"Sonra durmaksızın bir başka yere kaçtım ben. Kaç başka yer dolaştım böyle bilmiyorum. Artık 'bir başka yer' kalmamıştı. Ve ben artık hiç kimsenin hayatındaki en önemli insan değildim. Bunu anladığımda bir yaz sonu bir yerde durdum ve bütün güz göletin etrafını tavaf ettim. Ormana girdim uzun uzun yürüdüm. ... Az kendim yaladım yaralarımı az gölet yaladı az orman. Çok sert ve zorlu bir kışa girdik sonra. Sesler geliyordu kulağıma. Sağdan soldan yukarıdan ve aşağıdan çok derinlerden. Hiçbir yaranın tam olarak iyileşmediğini anladım. Ben de bunu kabul ettim: Hiçbir yaranın tam olarak iyileşmediğini ve iyileşmeyeceğini. Bahar gelmedi. Yaz geldi birdenbire. Kendi kendime konuşuyordum. Hatta bazen çok konuşuyor buna da çok gülüyordum. Kendi kendime."
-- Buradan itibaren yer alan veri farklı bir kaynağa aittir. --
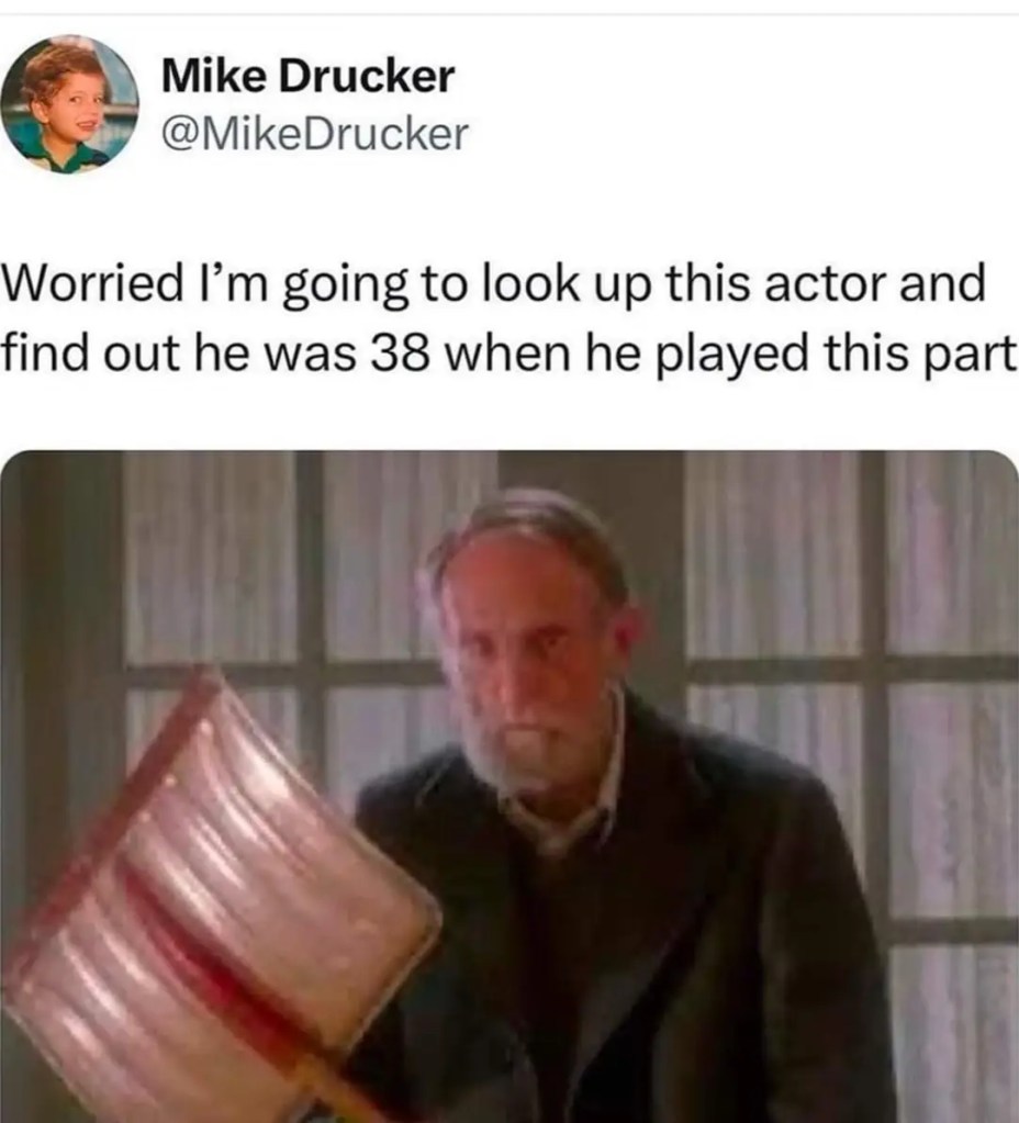 That meme with the old man and the shovel reminds me of one I saw recently: You know the old grumpy dad in Footloose who wouldn’t let the youths dance? He was 39.

Ağda. Aşk. Yapışkan. Çam reçinesi. Hayat pürüzsüzleştiren. Tutup çekince çıplak tüysüz bir yara izi. Teninden çıkar belki; ruhunda tütüp duracak. En son hangi şarkıyı özledin hangi yudum düğümlendi boğazında hangi aşka ya da hangi kedinin ardından ağladın? Öyle bir öyküdür belki bu da. Öyle bir örgü. Söküp atamadığın. İçin dolup taştıkça ilmek ilmek dökülen.
Kiminin unuttuğu gözden kaçırdığı; kiminin umursamadığı hoyratça kırıp döktüğü duygular. Kırdığı. Döktüğü. Onların odasına çağırıyor bu öyküler. Sade küçük saf samimi. Sıcak kadim has ebedi. O yüzden güçlü. Duru. Dolaysız. Ne süslü kurgu ne sahte tirat. Akıp gidiyor; doğal derin kendiliğinden... Hayatı ölümü kendini ötekini kalanı gideni sora sürükleye... Geride bıraktığı bir zaman alüvyonu. Her kalbin deltasında yersiz yurtsuz göçebe.